Si vous exploitez un parc de PSM et que vous vous demandez ce que la révision implique pour vos prochaines échéances de contrôle, nos équipes peuvent examiner votre situation.
→ Découvrir la gamme de PSM n-Safe | Contrôle annuel de PSM | Bien choisir son PSM | Hotte à flux laminaire ou PSM ?
FAQ — NF EN 12469 (2025)
La NF EN 12469 de juillet 2000 est-elle encore applicable ?
Non. Les États membres du CEN devaient donner à la nouvelle série le statut de norme nationale au plus tard en mai 2026 et retirer à cette date toute norme nationale en contradiction. La nouvelle série constitue désormais le référentiel.

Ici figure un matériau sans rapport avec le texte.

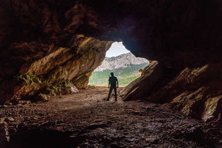 Interior view of man standing at the entrance of the Drachenhoehle (Dragon Cave) in Pernegg an der Mur in Styria, Austria. Cave near mount Rothelstein in Mixnitz in the Grazer Bergland. Grotto, Europe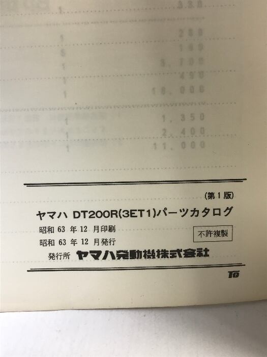 タイトル:(7)YAMAHA パーツカタログ DT200R(3ET1) (3ET-000101~)1988.12 593ET-010J1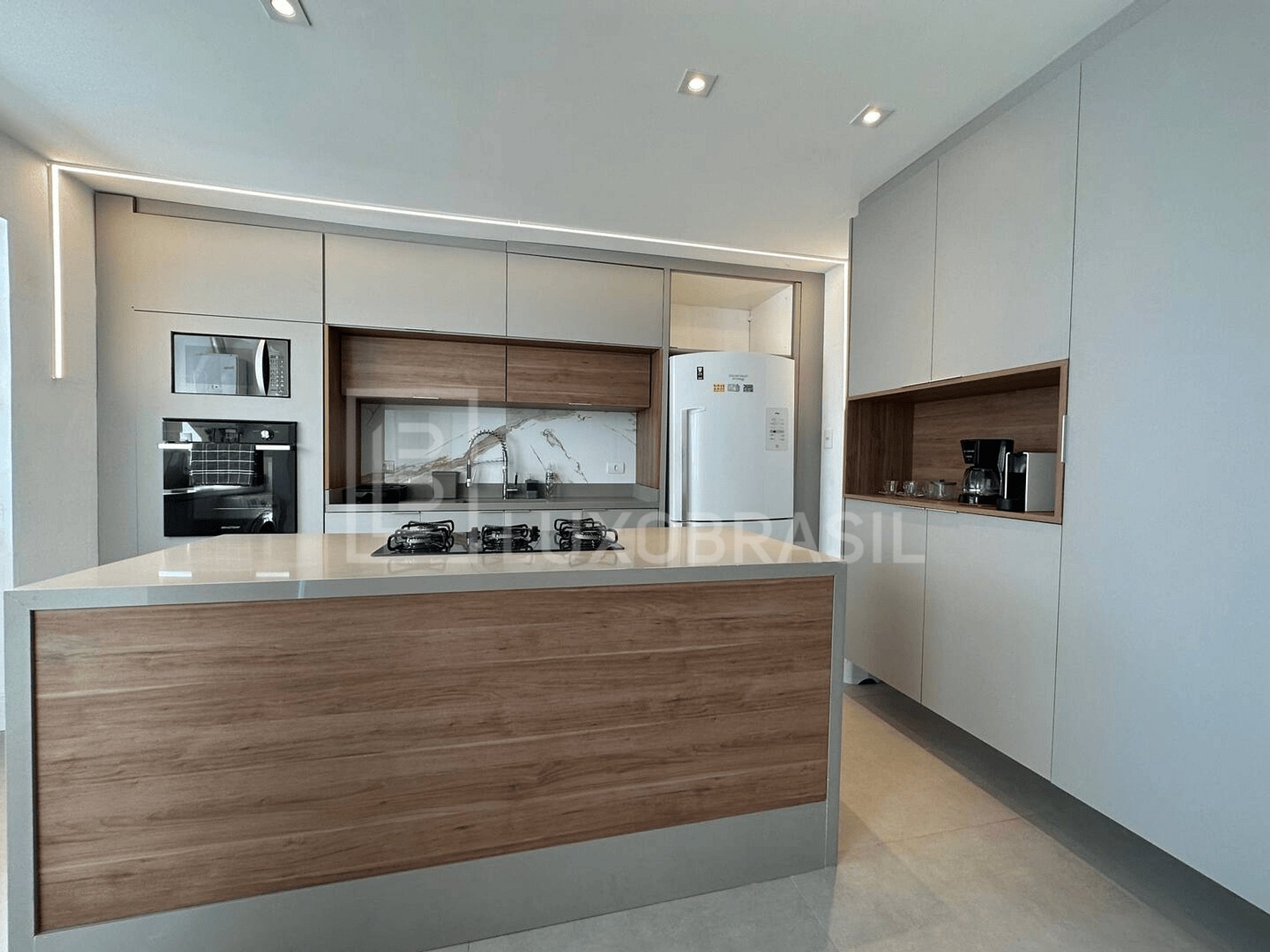 There are 04 suites, 02 with whirlpool baths, integrated living and dining room, toilet, full kitchen with appliances and necessary utensils. Balcony of 110m² with swimming pool, barbecue and plenty of space for leisure.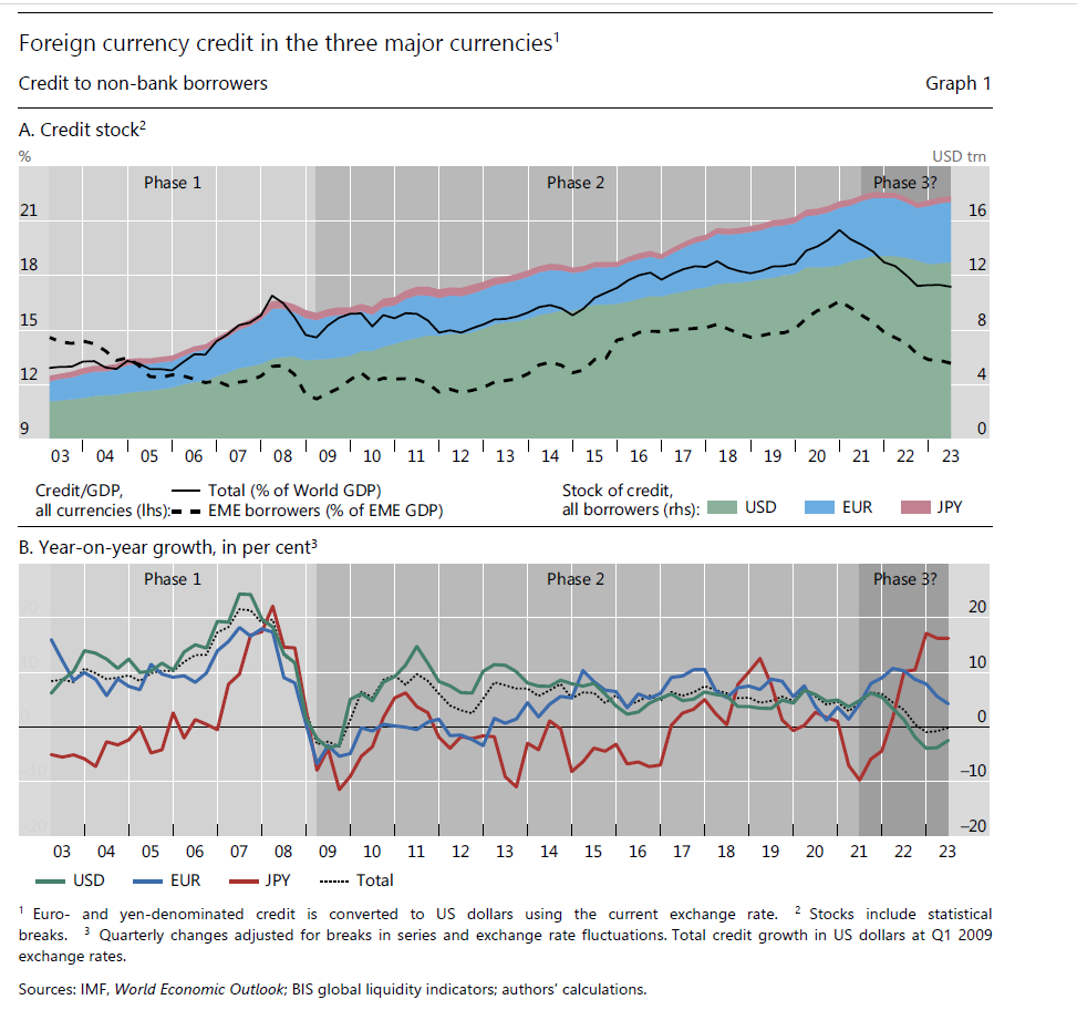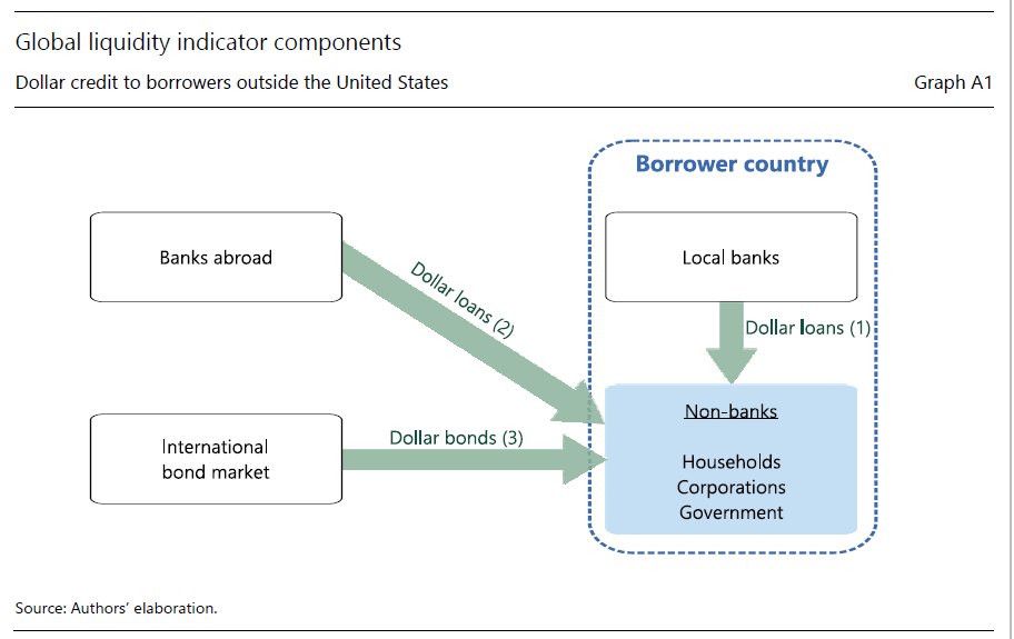 Il termine “liquidità globale” è un concetto che mette al centro dell’osservazione il credito in valuta estera, inteso come somma di prestiti bancari e prestiti derivanti dal mercato obbligazionario, che un certo paese utilizza in quantità di prenditore. E’ un modo, insomma, per osservare il debito estero in valuta per un certo paese, osservato nelle principali monete di riferimento e fonti di finanziamento. Il settore, che all’interno del paese, viene analizzato come prenditore è quello delle non-banche, ossia famiglie, imprese e governi, quindi il settore non finanziario. Il grafico sotto aiuterà a capire meglio.

Son remplacement de l’ancienne norme reste toutefois partiel tant que les parties 3 et 4, consacrées aux PSM de type III et de type I, n’ont pas été publiées.
Mon PSM acheté avant 2025 est-il devenu non conforme ?
Non. Un PSM conçu et qualifié selon la version de 2000 ne devient pas non conforme du fait de la révision. Ce qui évolue, ce sont les méthodes d’essai employées lors des contrôles à venir et le référentiel cité dans les rapports. Le point qui mérite un examen est l’implantation, puisque des distances sont désormais chiffrées.
Que faut-il vérifier dans le rapport de contrôle annuel ?
Quatre éléments : le référentiel cité, qui doit être la nouvelle série et non la version de 2000 ; la méthode retenue pour le flux entrant, qui doit figurer explicitement puisque trois sont admises ; le respect du critère de ±20 % sur les lectures individuelles du flux descendant ; et la comparaison des résultats aux valeurs de référence, avec un rapport sur les écarts.
Faut-il refaire la qualification de tous les PSM du parc ?
Une requalification systématique et immédiate n’est pas exigée par la révision elle-même. La bascule se fait à la prochaine échéance périodique, ou lors d’un événement qui impose de toute façon un essai de mise en service : déplacement de l’appareil, modification des conditions de la salle, ou intervention d’entretien affectant son fonctionnement.
Deux personnes peuvent-elles travailler en même temps sur un PSM ?
Les performances d’un PSM sont vérifiées par le fabricant pour un seul opérateur à la fois. Si plusieurs personnes doivent travailler simultanément sur un même poste, la norme demande une appréciation exhaustive du risque afin de confirmer que les performances de protection restent acceptables.
Faut-il respecter impérativement les distances d’implantation ?
Ce sont des recommandations, et non des exigences. La norme admet explicitement d’autres solutions, à condition qu’elles soient vérifiées au moyen des méthodes d’essai qu’elle décrit. Un laboratoire dont l’implantation ne respecte pas ces cotes doit donc démontrer par la mesure que les performances de protection sont tenues.
Quelles parties de la norme sont publiées ?
Les parties 1 (types et exigences fondamentales), 2 (PSM de type II) et 5 (installation, mise en service et essais de routine) sont publiées depuis novembre 2025. Les parties 3 (PSM de type III) et 4 (PSM de type I) sont en cours d’élaboration.